Text blasts to blame for spam messages

The National Privacy Commission said the wave of targeted smishing messages received by most citizens today, containing the subscriber's name, are not coming from data aggregators but done via phone to phones or more commonly known as text blasts.

During a public webinar on Wednesday, NPC deputy commissioner Leandro Angelo Aguirre said based on their initial probe, aggregators are unlikely to be the source of the text messages being received by mobile phone owners in the past months.

A data aggregator is an organization that collects data from one or more sources, provides some value-added processing, and repackages the result in a usable form. Sometimes, the data comes directly to the client through a sales or licensing agreement, although frequently data aggregators will act as an agent to enhance the clients' data.

"The NPC, through its Complaints and Investigation Division, has observed from the smishing reports it received, that the smishing messages appear to have been sent using specific mobile numbers registered to certain texting services. As confirmed with the telecommunications companies, smishing messages which are sent using mobile numbers are possible through a phone-to-phone transmission," according to Aguirre.

He said such transmission is usually coursed through a telecommunication company's regular network and does not pass-through data aggregators.

"Contrary to a P2P transmission, data aggregators use an application-to-phone transmission. The messages received through this transmission will not appear to have come from specific mobile numbers, instead, they will come from a sender that has SMS ID (i.e., bank names, organization names, etc.) which identifies the data aggregator, or the brand or business name using the data aggregator's services," Aguirre explained.

Hunting perpetrators

Despite this, Aguirre said the NPC has been continuously investigating potential sources and root causes of targeted smishing messages such as patterns in the use of name formats that prospectively match the names of data subjects registered with popular payment applications, mobile wallets, and messaging applications.

He maintained the NPC is working closely with telecommunications companies in formulating countermeasures against the recent wave of targeted smishing messages.
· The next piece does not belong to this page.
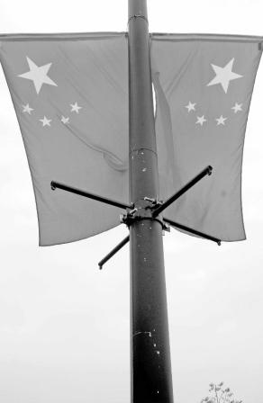 記者昨天來到沈半路,這是一條剛翻新拓寬的道路,燈具市場、建華市場等批發市場人流熙攘。道路兩旁紅旗招展,節日氣氛依然濃厚,可是,本來懸掛在鐵架上的慶典花籃卻少了很多。鐵架上原本懸掛了四個花籃,組合在一起是一道美麗的風景,可現在,有的鐵架上花籃被全部取走,有的只剩下一兩個。

"As a concrete course of action, telecommunication companies have blocked identified mobile numbers that sent smishing messages and are continuously blocking messages with malicious URL links associated with smishing," he said.

Moreover, he said the NPC will pursue its investigation to its full extent and within the bounds of its mandate to protect the fundamental human right to privacy.

"Through relevant issuances, the Commission will be compelling entities involved to take firm action in addressing the possible privacy risk brought about by targeted smishing messages. The NPC further reminds the public to remain vigilant. They are encouraged to report incidents of targeted smishing through the NPC email, reportsmishing@privacy.gov.ph, or through its social media pages," according to Aguirre.

Telecom giants PLDT-Smart and Globe earlier said they are escalating their efforts to curb text scams.

Globe, in a statement on Tuesday, said they already spent $20 million or roughly P1.1 billion to boost its competencies in detecting and blocking scam and spam messages from international and domestic sources, including app-to-person and person-to-person SMS.

It has already blocked about 784 million scam and spam messages, deactivated 14,058 scam-linked SIMs, and blacklisted 8,973 others, according to Globe.

Meanwhile, PLDT-Smart said in a separate statement that its parent telco PLDT invested nearly P3 billion last year to safeguard the public against emerging cyber threats and vulnerabilities and jammed roughly 11 billion attempts to open links associated with spam messages from January to August 2022.